RFR 8209171 : Simplify Java implementation of Integer/Long.numberOfTrailingZeros() (original) (raw)

Martin Buchholz martinrb at google.com
Sun Aug 12 00:54:50 UTC 2018


Hi Ivan,

Oh the allure of bit-twiddling!

I'm skeptical that ntz should ever delegate to nlz, and not only because of the overhead of a wrapper, but because small numbers are more common, and we can take that into account when implementing ntz. At least add "1" to the set of numbers to benchmark. Here's my own entry in this race:

static int ntz(int i) {
    if (i == 0) return 32;
    int n = 0;
    if ((i << 16)  == 0) { n += 16; i >>>= 16; }
    if ((i & 0xFF) == 0) { n +=  8; i >>>=  8; }
    if ((i & 0xF)  == 0) { n +=  4; i >>>=  4; }
    if ((i & 0x3)  == 0) { n +=  2; i >>>=  2; }
    return n + (~i & 1);
}

Whatever happens, we ought to check in the microbenchmarks somewhere.
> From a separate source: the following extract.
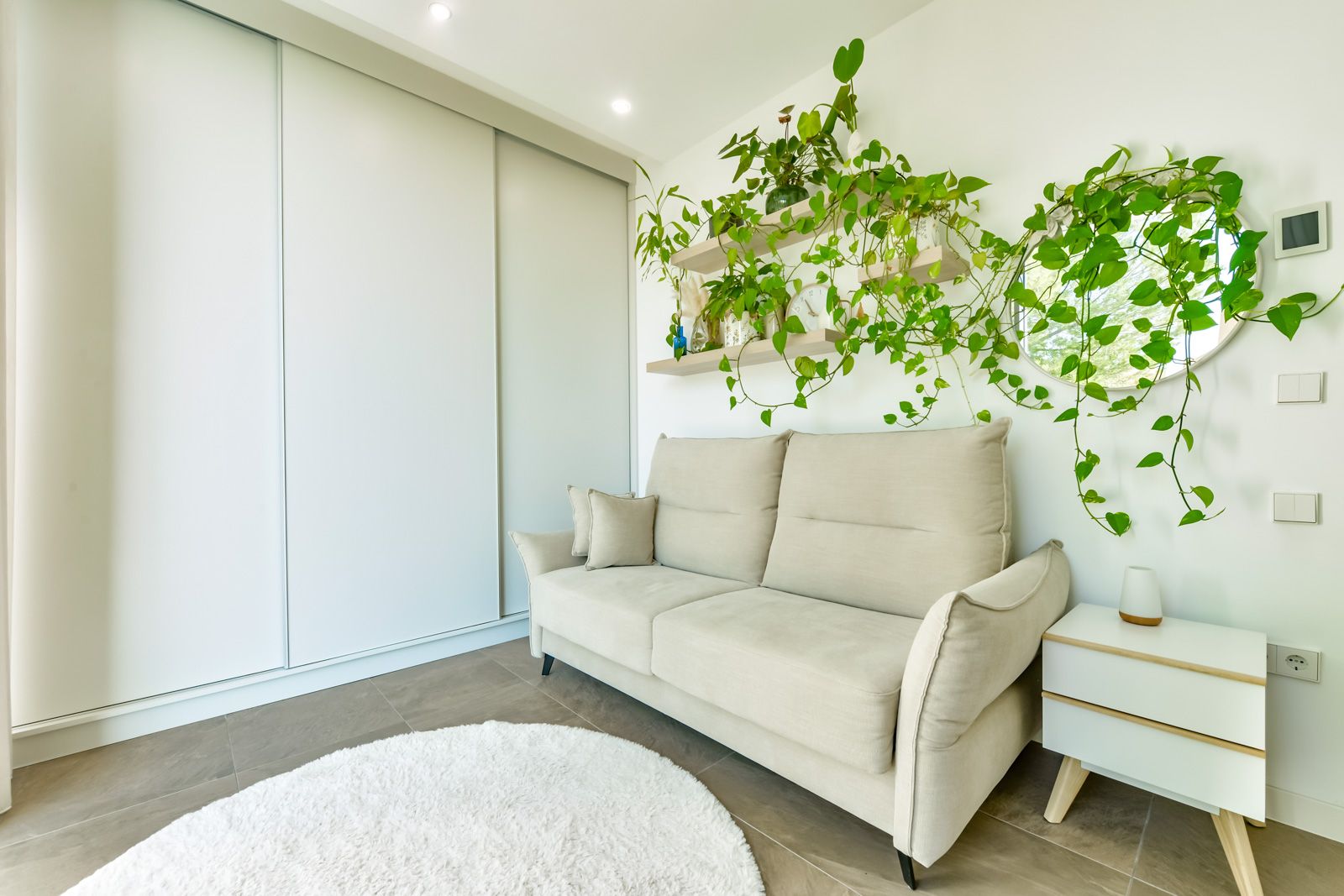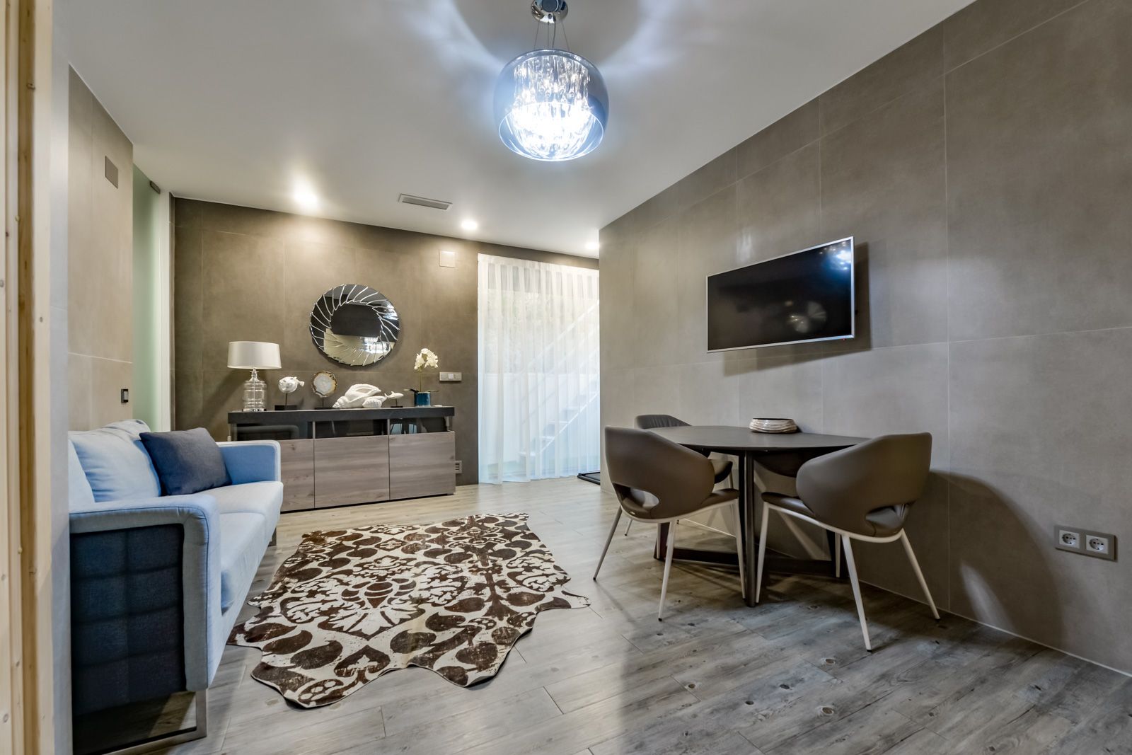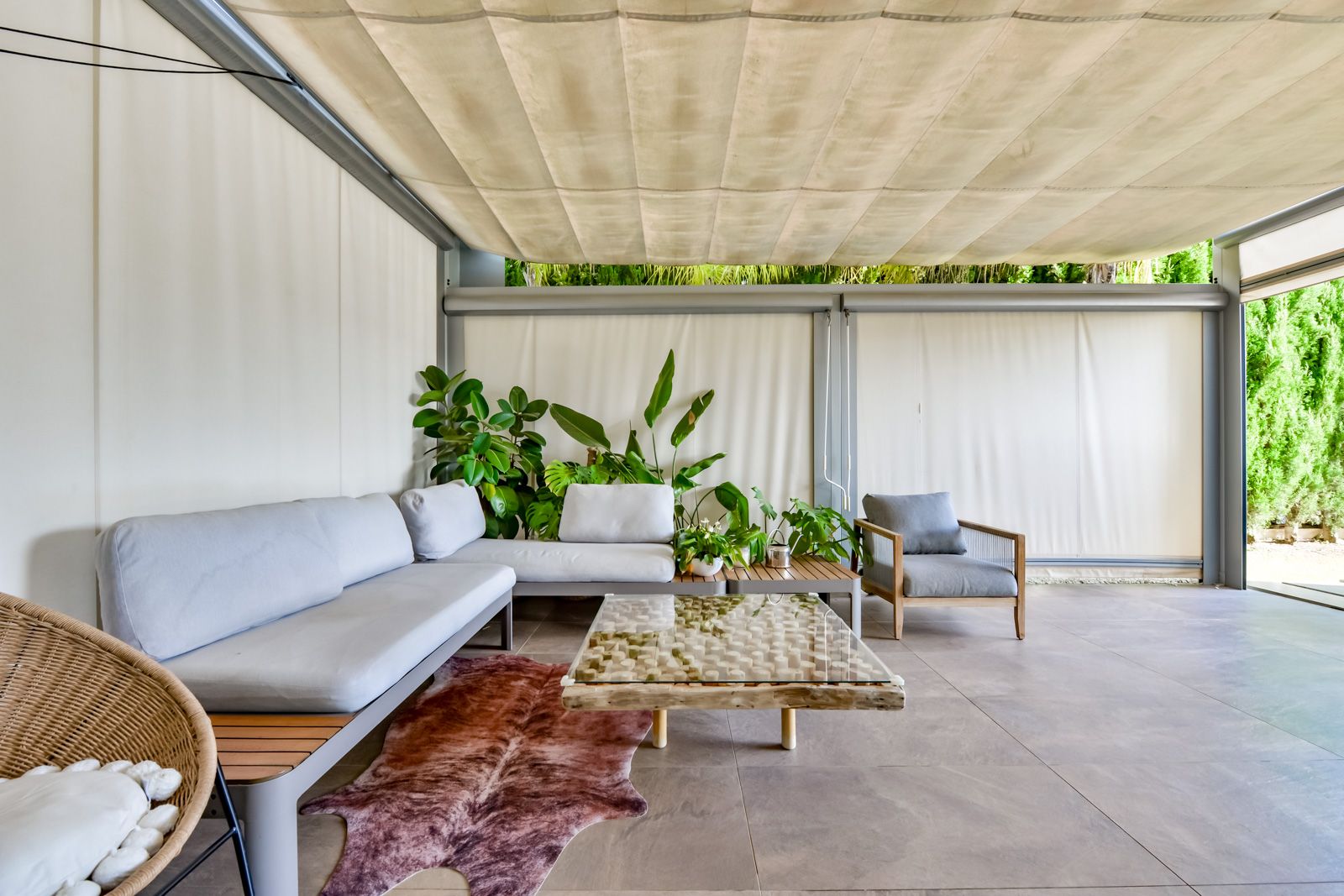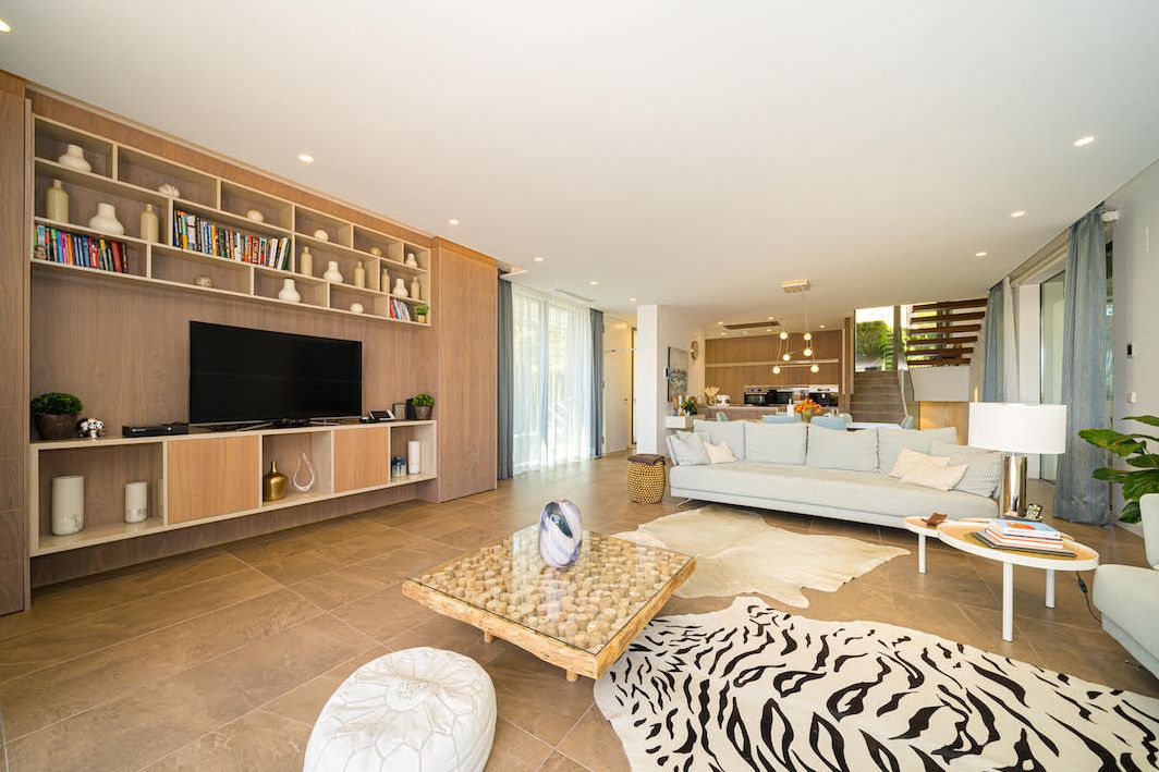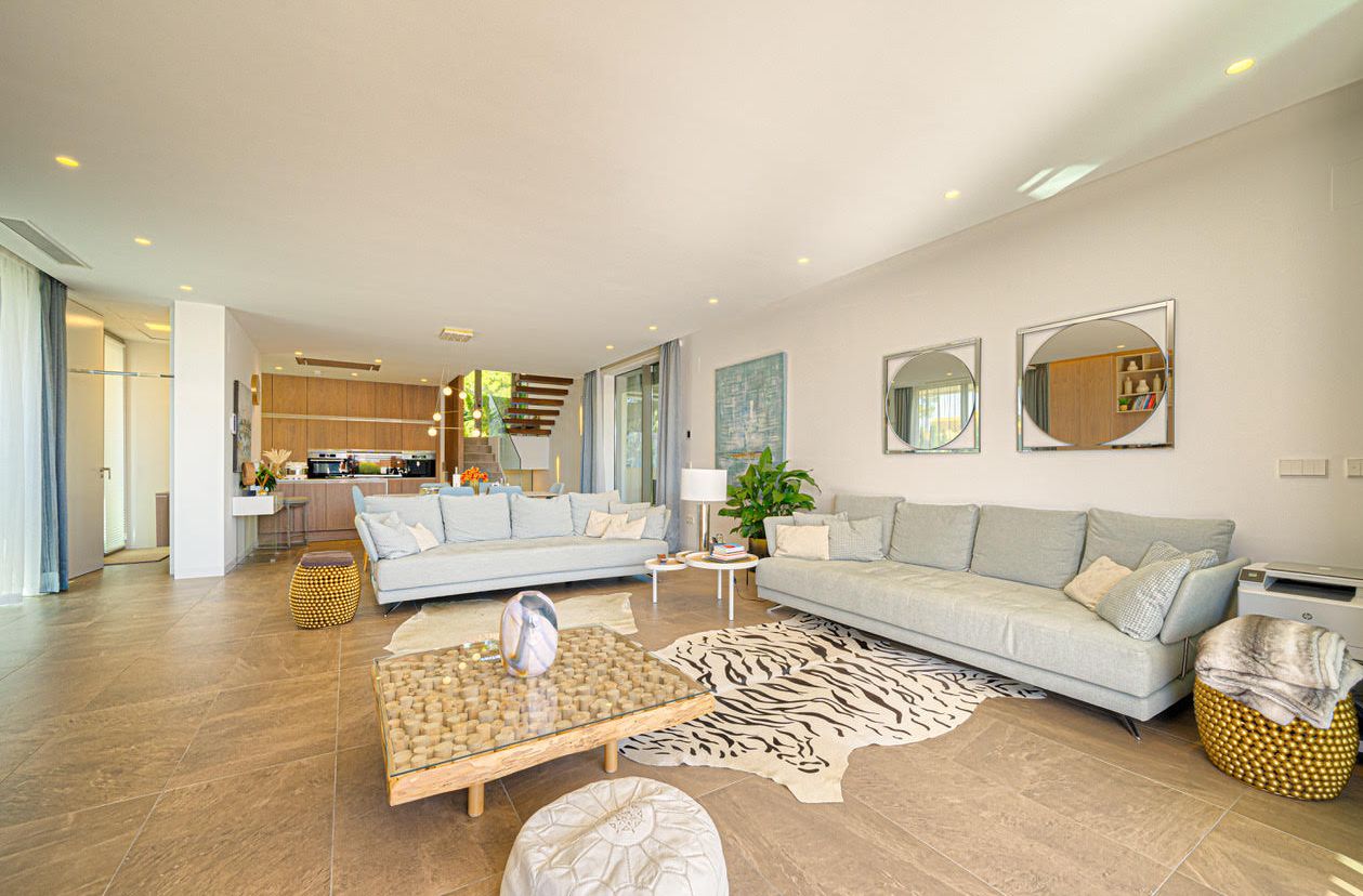 The spacious living room opens up to the garden, creating a harmonious transition to the outside. The property features a private saltwater pool, a healthier and more enjoyable option for the skin, which also requires less maintenance and provides a more natural and comfortable bathing experience.

It looks like the new jmh-jdk-microbenchmarks is the place. I also suspect that tests for these methods could be improved (but there are existing hotspot tests).

nlz seems harder than ntz in the sense that for nlz "small ints" and random bits may have different optimal implementations.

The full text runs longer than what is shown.